**Task to complete**
The part to set down runs from the first line of the data below through the line with "Paint your planter", inclusive; write it exactly and leave out the pictures.

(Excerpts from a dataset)
┌──

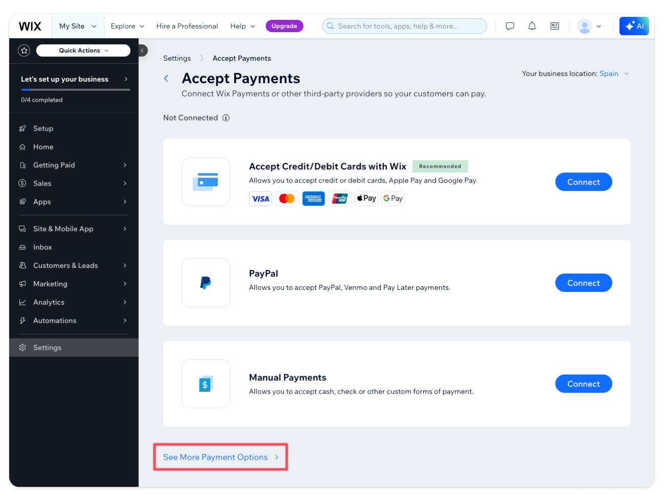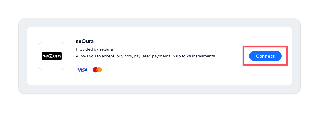 By navigating to the payment methods through the settings of the Wix admin panel, there will be the seQura payment method available for connection.
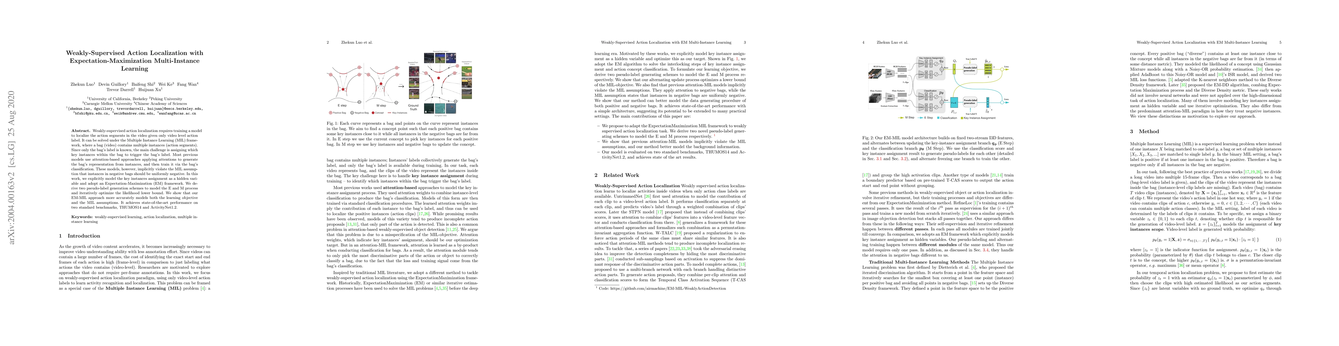 This paper proposes an Expectation-Maximization (EM) framework for weakly-supervised action localization using Multi-Instance Learning (MIL). It accurately models key instance assignment as a hidden variable, achieving state-of-the-art results on THUMOS14 and ActivityNet1.2 benchmarks.
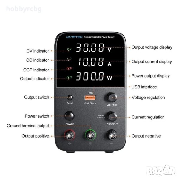 Лабораторно захранване WANPTEK серия WPS е високопрецизно регулируемо правотоково захранване, което може да показва напрежение, ток и мощност едновременно. Изходното напрежение и изходният ток могат да се регулират непрекъснато между 0 и номиналната стойност с помощта на потенциометър, като зададената стойност може да бъде предварително показана, което е удобно за използване и настройка. USB порт за бързо зареждане и поддържане множество протоколи за бързо зареждане.
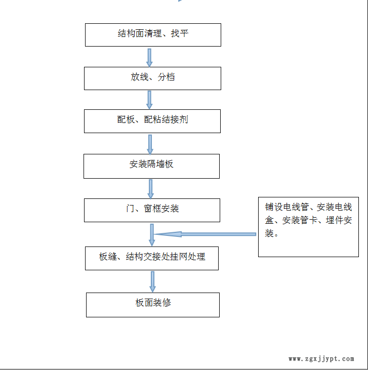 ??(1)輕質(zhì)隔墻板安裝,墻板干透后才能進(jìn)行表面抺灰和接縫處理。(防局部沉降,以先主體工程,其他砌體外墻工程,墻板抺灰工程,最后作輕質(zhì)隔墻面裝飾裝潢的順序)
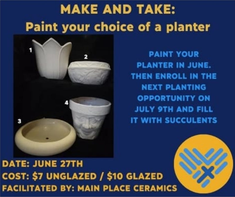 Paint your planter in June. Then enroll in the next planting opportunity on July 9th and fill it with succulents. AGES: High School and Up COST: $7 Unglazed/ $10 Glazed FACILITATED BY: Main Place Ceramics Sign Up
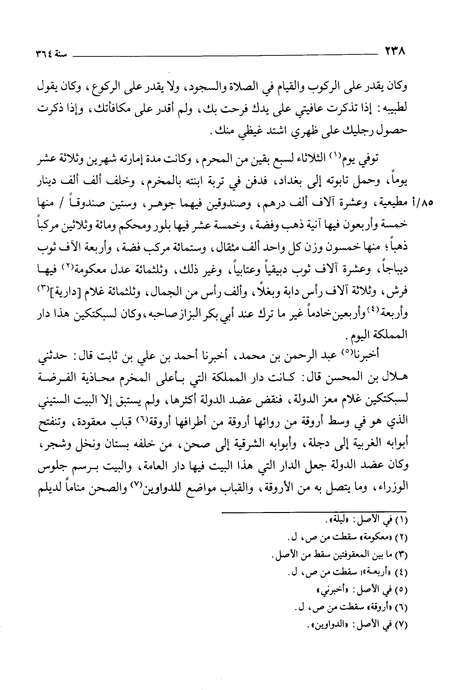 أَخْبَرَنَا [5] عَبْدُ الرَّحْمَنِ بْنُ مُحَمَّدٍ، أَخْبَرَنَا أَحْمَدُ بن علي بن ثابت قال: حدثني هلال بن المحسن قال: كانت دار المملكة التي بأعلى المخرم محاذية الفرضة لسبكتكين غلام معز الدولة، فنقض عضد الدولة أكثرها، ولم يستبق إلا البيت الستيني الذي هو في وسط أروقة من روائها أروقة من أطرافها أروقة [6] قباب معقودة، وتنفتح أبوابه الغربية إلى دجلة، وأبوابه الشرقية إلى صحن، من خلفه بستان ونخل وشجر، وكان عضد الدولة جعل الدار التي هذا البيت فيها دار العامة، والبيت برسم جلوس الوزراء، وما يتصل به من الأروقة، والقباب مواضع للدواوين [7] والصحن مناما لديلم
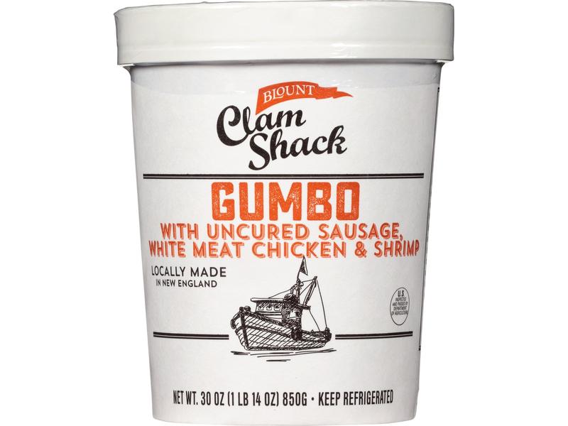 1 cup of Blount Clam Shack gumbo contains 160 Calories. The macronutrient breakdown is 42% carbs, 33% fat, and 25% protein. This is a good source of protein (18% of your Daily Value) and potassium (8% of your Daily Value).
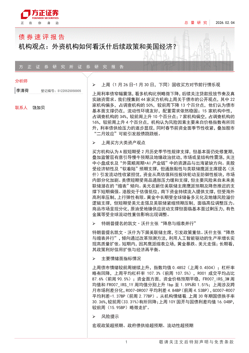 方正证券-机构观点:外资机构如何看沃什后续政策和美国经济?-260204
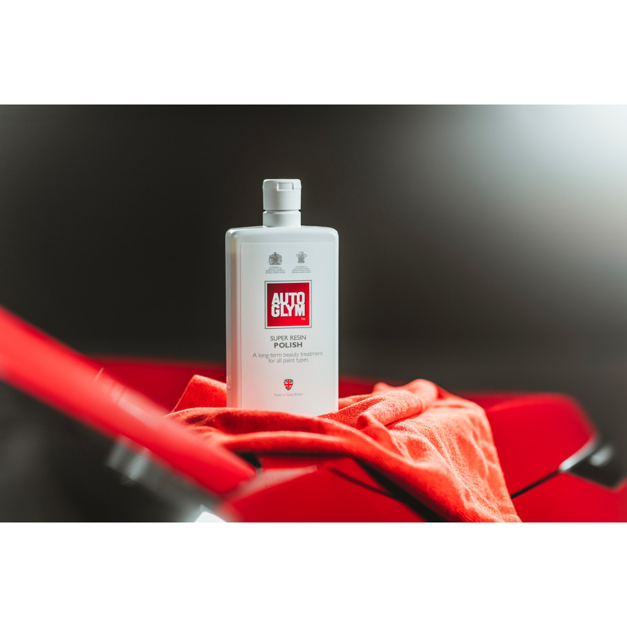 El pulimento de resina Super Resin de Autoglym es una leyenda en el mundo del cuidado automotriz. Se utiliza para eliminar pequeñas rozaduras y rayones, y restaurar el brillo de todo tipo de pintura. No solo restaura el brillo de superficies opacas, sino que también es ideal para eliminar pequeñas rozaduras y rayones en pintura nueva o vieja. Úselo cada pocos meses según sea necesario para mantener un brillo impecable. Este famoso envase se puede encontrar en talleres de todo el mundo, y el producto se ha aplicado con cariño a todo tipo de vehículos, desde hipercoches y clásicos de incalculable valor hasta coches familiares.
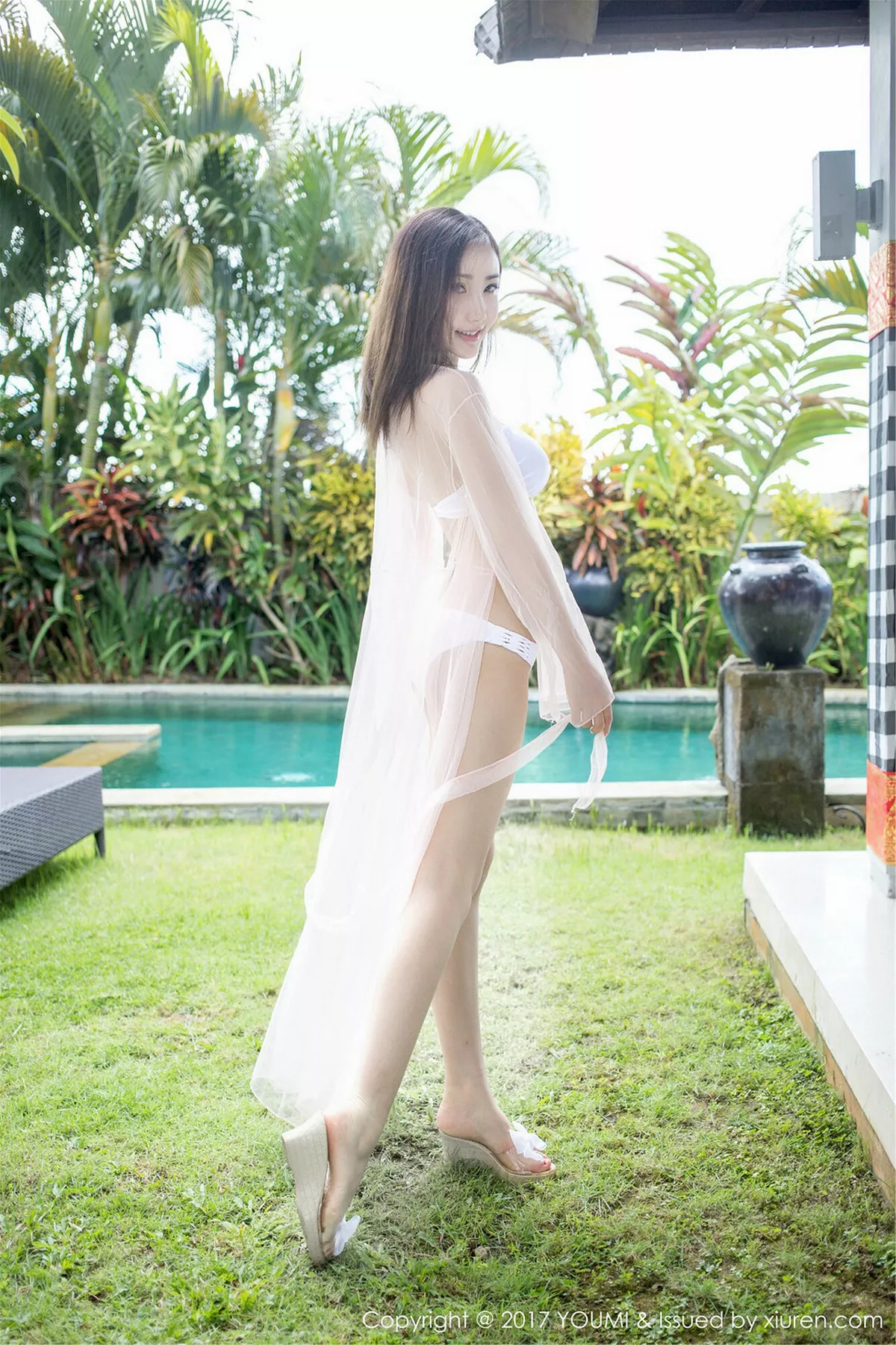 [YOUMI尤蜜荟] 2017.05.16 Vol.042 Yumi-尤美 女神@Yumi-尤美巴厘岛旅拍写真发布,亭亭玉立的站在泳池边,身披一袭长薄纱,举措多娇媚,玉肌伴轻风,美人如诗,美人如画,写真包含了两套服饰共51P,希望大家喜欢。。秀人旗下新写真机构[YouMi尤蜜荟]第042期Yumi-尤美性感比基尼娇媚写真。

└──

**Solution to this exercise**
 By navigating to the payment methods through the settings of the Wix admin panel, there will be the seQura payment method available for connection.
 This paper proposes an Expectation-Maximization (EM) framework for weakly-supervised action localization using Multi-Instance Learning (MIL). It accurately models key instance assignment as a hidden variable, achieving state-of-the-art results on THUMOS14 and ActivityNet1.2 benchmarks.
 Лабораторно захранване WANPTEK серия WPS е високопрецизно регулируемо правотоково захранване, което може да показва напрежение, ток и мощност едновременно. Изходното напрежение и изходният ток могат да се регулират непрекъснато между 0 и номиналната стойност с помощта на потенциометър, като зададената стойност може да бъде предварително показана, което е удобно за използване и настройка. USB порт за бързо зареждане и поддържане множество протоколи за бързо зареждане.
 ??(1)輕質(zhì)隔墻板安裝,墻板干透后才能進(jìn)行表面抺灰和接縫處理。(防局部沉降,以先主體工程,其他砌體外墻工程,墻板抺灰工程,最后作輕質(zhì)隔墻面裝飾裝潢的順序)
 Paint your planter in June. Then enroll in the next planting opportunity on July 9th and fill it with succulents. AGES: High School and Up COST: $7 Unglazed/ $10 Glazed FACILITATED BY: Main Place Ceramics Sign Up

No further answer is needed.